Rust’s trait bounds do something similar, and the Rust community has been explicit that Ada generics were part of the prior art that informed the design. Haskell’s type classes are the more direct ancestor, but Ada showed that the approach was practical in an imperative systems language well before Rust made it mainstream.
What Gets in the Way
Ada’s tooling situation has improved, but it’s not where Rust or Go are. The free path is GNAT through GCC, with Alire as a package manager that was introduced relatively recently and is still maturing. The commercial path through AdaCore’s GNAT Pro gives you better IDE support and formal verification tools, but it’s priced for aerospace contractors, not individuals.
The syntax is verbose by contemporary standards. This was a deliberate choice by Ichbiah’s team, who argued that code is read more than it’s written, and that ambiguity in syntax costs more in maintenance than it saves in initial development. That argument is correct in safety-critical contexts. It’s a harder sell for web services.
The community is real but small. The Ada and SPARK subreddit and the AdaCore forums are active, but the ecosystem of libraries and tutorials doesn’t approach what Rust has built in its first decade.
Why It Matters Now
The programming language landscape in 2026 is converging on ideas that Ada had in 1983. Memory safety is now a mainstream concern rather than a niche interest, driven partly by US government guidance recommending memory-safe languages. Formal verification is becoming practical at scale. Structured concurrency has been adopted by Swift, Kotlin, Python’s asyncio, and Java’s Project Loom.
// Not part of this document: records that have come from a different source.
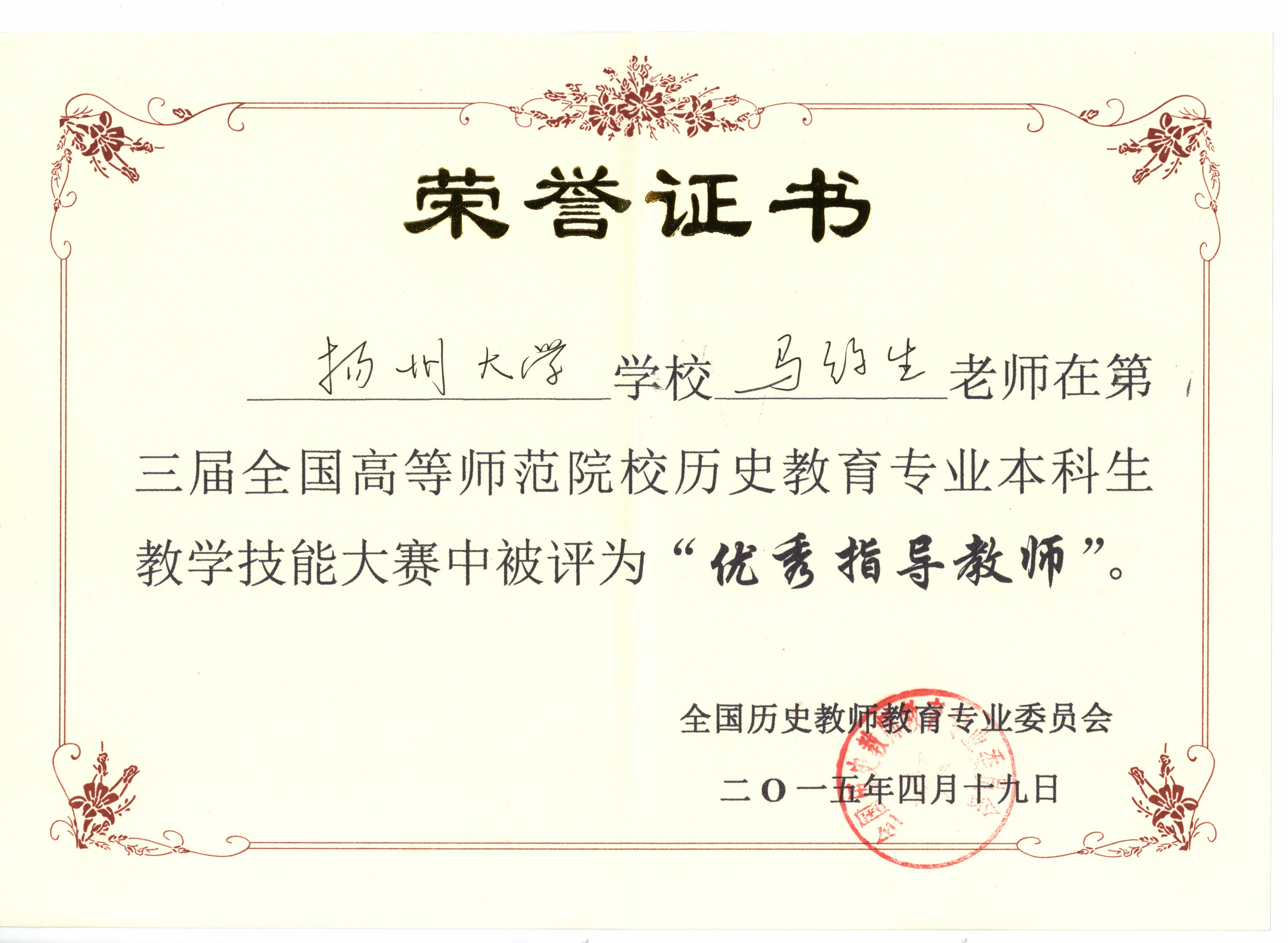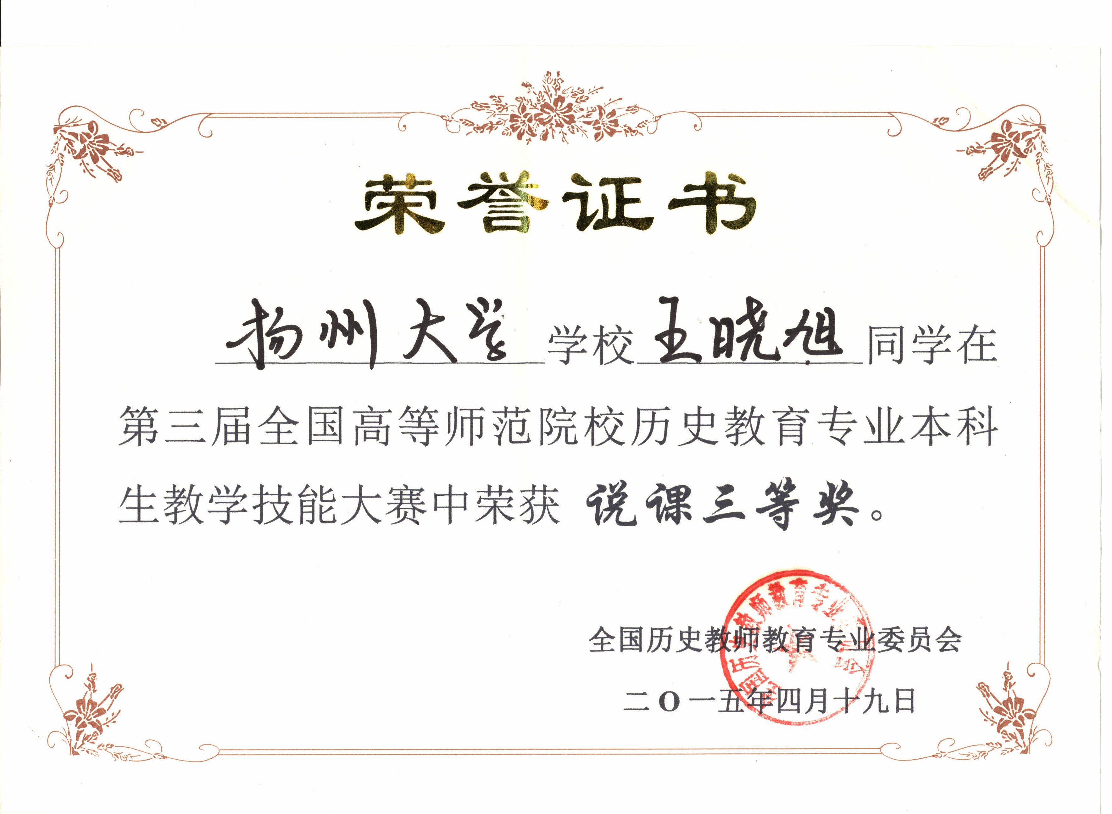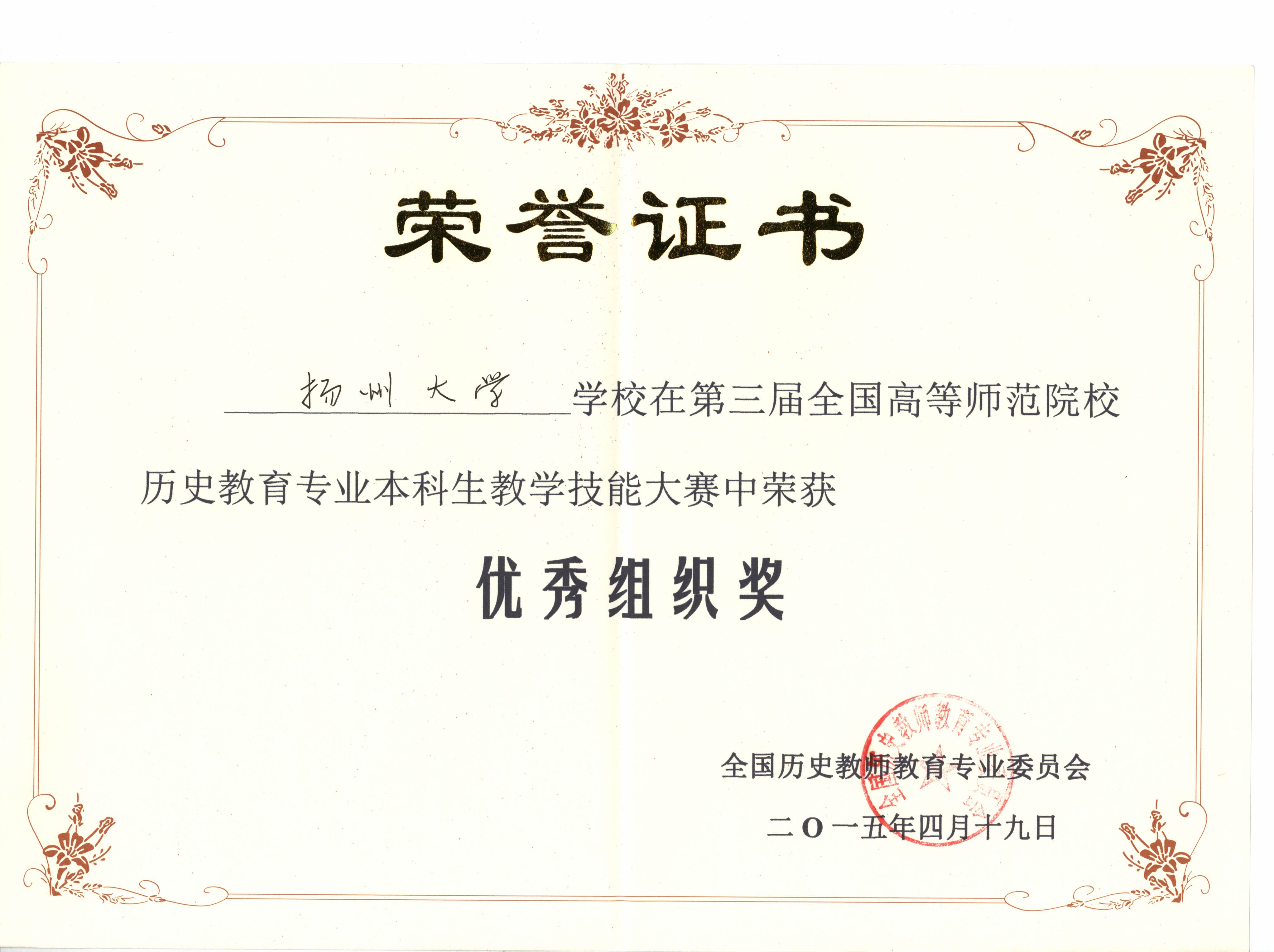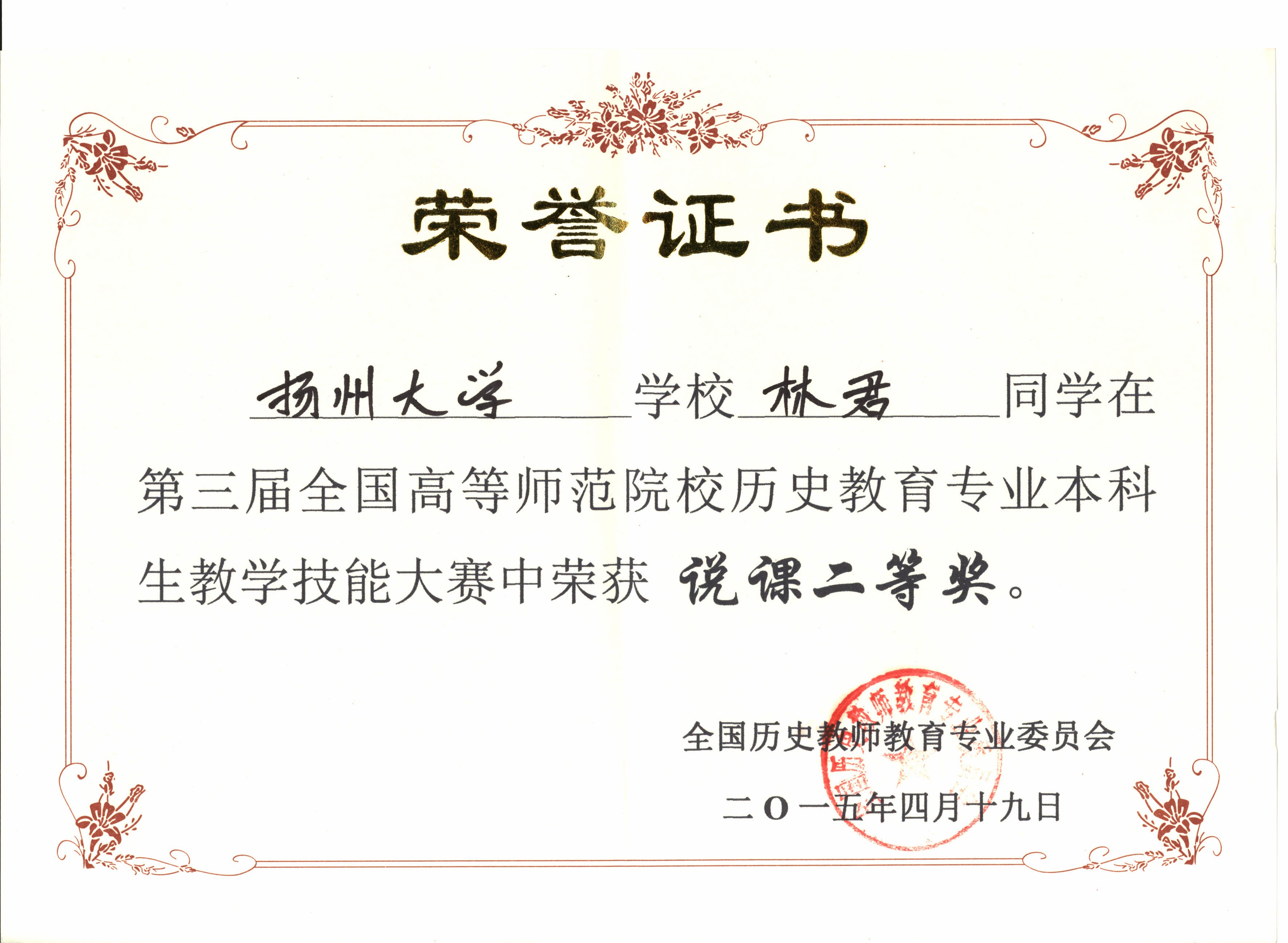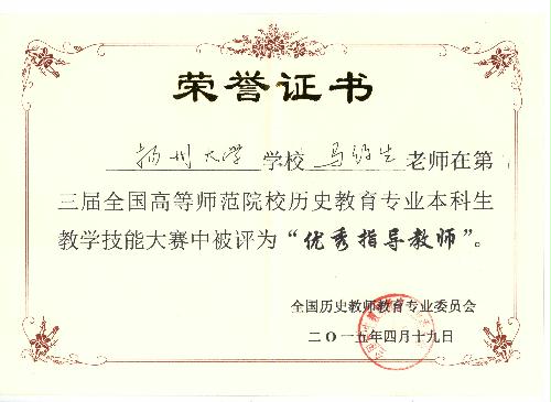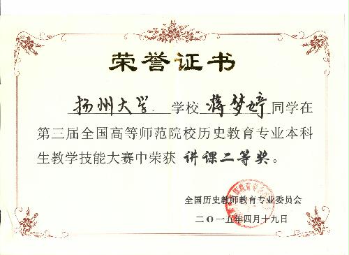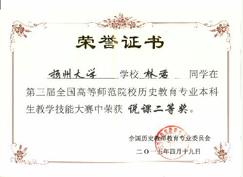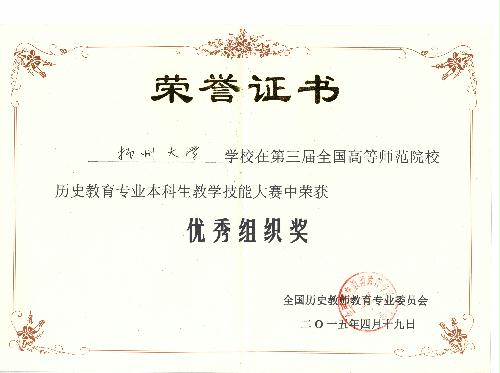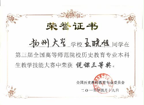 我院在第三届全国高等师范院校历史教育专业本科学生教学技能竞赛中喜获佳绩 4月18—19日,由全国历史教育专业委员会主办的“第三届全国高等师范院校历史教育专业本科学生教学技能竞赛”在山城重庆西南大学成功举办。为加强历史重点专业建设,提高师范生专业技能,我院高度重视,通过周密组织,层层选拔,最终选派历史1101班蒋梦婷、林君、王晓旭三位同学参赛,三位同学均取得较为理想的成绩,其中蒋梦婷获得讲课二等奖,林君获得说课二等奖,王晓旭获得说课三等奖。同时,我院获优秀组织奖,马约生老师获优秀指导教师荣誉称号。
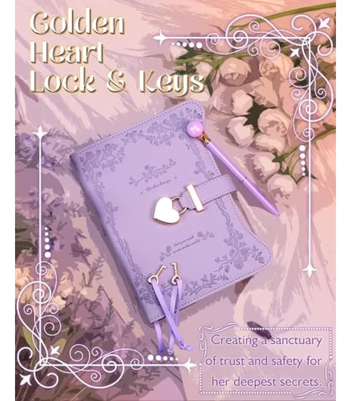 - Cerradura y llave de corazón dorado: cada diario viene con un cierre de corazón dorado y dos delicadas llaves. Estas elegantes cerraduras aseguran que sus secretos estén protegidos, ofreciendo un santuario privado donde sus sueños se guardan de forma segura.
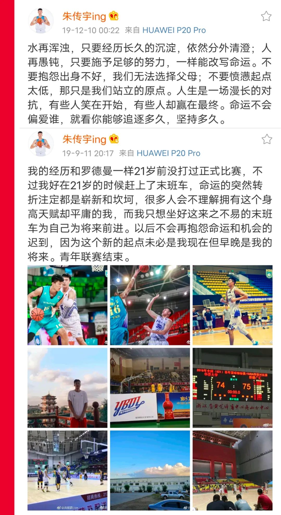 你看他寫的微博,這是一個有頭腦、有想法的中鋒。其實在18歲以前,小朱從來沒有接受過系統的籃球訓練,父母也從來沒有打過籃球,個子也只有180左右。朱傳宇就是中國的馬爾揚諾維奇。

Contract-based programming is getting traction through Rust’s experimental #[requires]/#[ensures] attributes via the Verus project.
Ada solved these problems, documented the solutions, and shipped them in production systems that have been running continuously for decades. The lesson isn’t that everyone should switch to Ada. The lesson is that language design is a field with genuine intellectual history, and the ideas worth having tend to get reinvented repeatedly until they finally stick. Ada is evidence of both the difficulty of that process and the patience it sometimes requires.